- Chaleh Location within Iran
- Coordinates: 33°03′12″N 47°36′43″E﻿ / ﻿33.05333°N 47.61194°E
- Country: Iran
- Province: Lorestan
- County: Pol-e Dokhtar
- District: Bala Geriveh
- Rural District: Jayedar-e Jonubi

Area
- • Village: 0.37 km^{2} (0.14 sq mi)
- • Urban: 0.09 km^{2} (0.035 sq mi)
- Highest elevation: 647 m (2,123 ft)
- Lowest elevation: 639 m (2,096 ft)

Population (2016)
- • Village: 223
- • Density: 600/km^{2} (1,600/sq mi)
- Time zone: UTC+3:30 (IRST)

= Chaleh, Pol-e Dokhtar =

Village in Lorestan province, Iran

Chaleh (چاله) (Note: Also romanized as Chāleh) is a village in Jayedar-e Jonubi Rural District of Bala Geriveh District in Pol-e Dokhtar County, Lorestan province, Iran.

==Demographics==
===Population===
At the time of the 2006 National Census, the village's population was 233 in 43 households, when it was in Jayedar Rural District of the Central District. (Note: Renamed Jayedar-e Shomali Rural District) The following census in 2011 counted 218 people in 52 households.

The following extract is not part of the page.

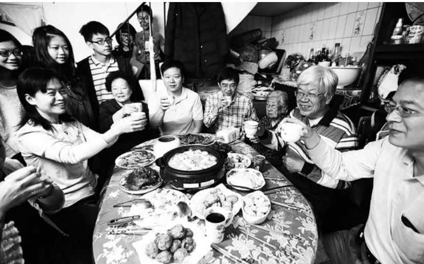
▲ 晚餐菜餚豐盛，並有溫熱的黃酒助興，除了元亮夫婦和二子一女之外，還有三太太娘家的舅兄舅嫂、姨妹和妹夫，和帳房吳先生等圍坐一桌，共祝元亮生日快樂。

「安寶，你不能對老爺這樣無禮，爹媽一切都是為著你好，你要先給爹認罪。我保證你一定有個好媳婦，那個劉家

The 2016 census measured the population of the village as 223 people in 65 households.

In 2023, the rural district was renamed Jayedar-e Shomali Rural District, and the village was separated from it in the formation of Bala Geriveh District. Chaleh was transferred to Jayedar-e Jonubi Rural District created in the new district.